於是,我將其中一個雪包給刨開,裡麵確實是一具動物的屍體,還是我們的老朋友,美洲豹,不過,此刻的它完全沒有叢林王者的風範,肚子已經被掏空了,內臟完全空了,看起來相當可怖。
“看樣子,不是被凍死的!”
因為我發現它的脖子上有個巨大的咬痕,頸椎都給咬斷了,如果是死後被什麼東西給吃空的,它沒必要去咬斷人家的頸椎啊?
為了驗證我的猜想,我又刨開了另一個大雪包,果然,又是一隻美洲豹,同樣的傷口,同樣的死因。
什麼東西能把這麼大隻的美洲豹給弄死呢?
難道是劍齒虎?
但劍齒虎吃東西有這麼挑剔嗎?況且,冰天雪地,食物短缺,不至於這麼浪費吧?
而且,劍齒虎也沒比美洲豹大多少,這兩隻家夥像是被秒殺的,劍齒虎是否具備這個能力,還得打個問號。
氣氛頓時變得恐懼起來,我下意識地四下逡巡,心兒怦怦直跳,難不成這叢林還隱藏著一種更加可怕的掠食者?
一想到這裡,我有些毛骨悚然,這些美洲豹剩下的肉倒是還能吃,我們食物短缺,也顧不得嫌棄了。

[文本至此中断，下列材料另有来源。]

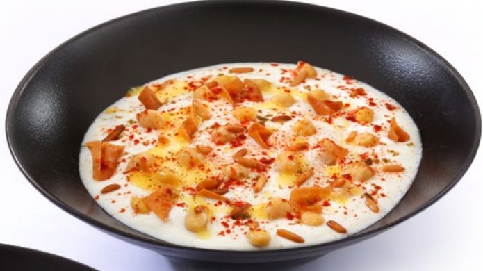
فتة فلافل Falafel Fatteh 2.750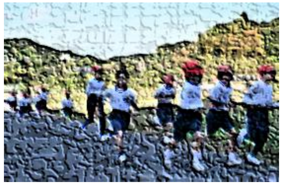
【精一杯走る宮っ子(3, 4年生)】

1, 2年生が1000m, 3, 4年生が1400m, 5, 6年生が1800mの長丁場。目標達成に向けて毎朝の体力づくりに励んできた子供たちは、声援を背に受けながら、走り抜きました。また、完走後は、目標達成の喜びに浸る姿や目標に届かず、悔しがる姿が見られました。結果に喜怒哀楽を感じるのには、精一杯取り組んだ証拠。目標を立て、努力を重ねてきたからこそ味わえる感情です。その喜びや悔しさを次の目標や努力のモチベーションにつなげていくことでしょう。運動会と同様に、「自分で決めた目標→自分なりの努力→本番→過程と結果の振り返り→新たな目標」のサイクルが一人一人の成長につながったと感じた持久走大会でした。次の行事は学習発表会。どんな目標を立てて、発表を創り上げるのでしょうか。今から楽しみです。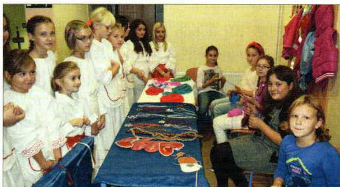
Zadrugari i folkloriši dočekuju goste

Učenici su najponosniji kad predstavljaju Varaždinsku županiju na Državnoj smotri učeničkih zadruga. Zadruga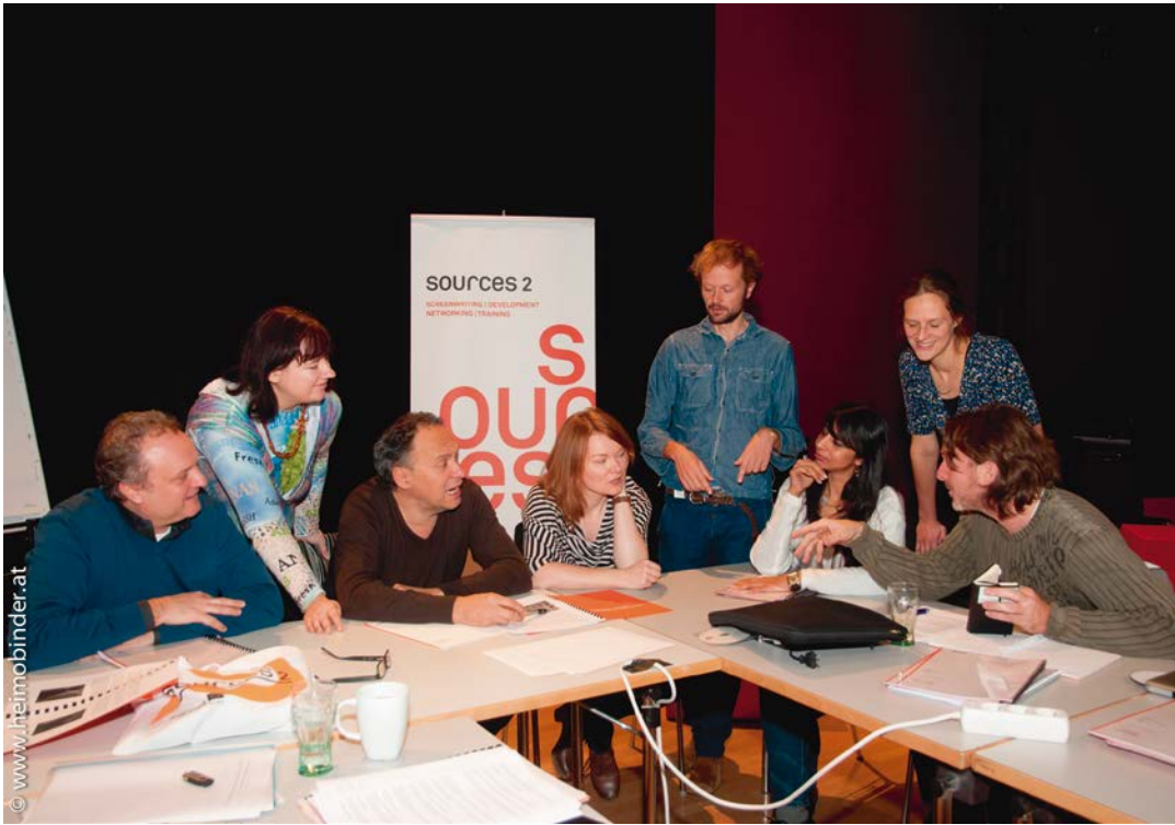
Sources 2 Theater am Lend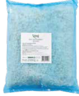
Mozzarella Küp 2.000 gr.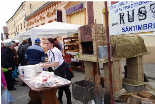
Le four à pain, construit la nuit du marché !

conférences apicoles à la mairie, des animations...la voiture (célèbre Fiat Polski de l'époque communiste) qui sillonne l'Europe avec la pétition contre les néonicotinoïdes...Nous étions aussi l'attraction des TV nationale et privée.

於是,我將兩隻美洲豹用繩子綁起來,掛在身上,艱難地朝半山腰走去,一個小時後,總算到了營地,大家一看到我今天收獲了這麼多東西,喜不自勝。
“凡哥,你也太棒了吧!我們簡直愛死你了……”
“凡哥哥,能遇見你,真是我們的幸運……”
“凡哥,你以後就是我的男神了!”
“……”
甚至,連米娜米大小姐,都難得對我露出了讚賞之情。
唯獨顧廷芳,看著那兩具美洲豹的屍體,若有所思,好幾次欲言又止。
她應該看出來什麼了!
不過當下我也沒把自己的疑惑告訴她們,免得引起恐慌,趁著天還未黑,我抓緊時間去外麵砍了些木樁回來,用來頂門,剩下的木料,則在洞口周圍弄了倒木樁,設置了陷阱。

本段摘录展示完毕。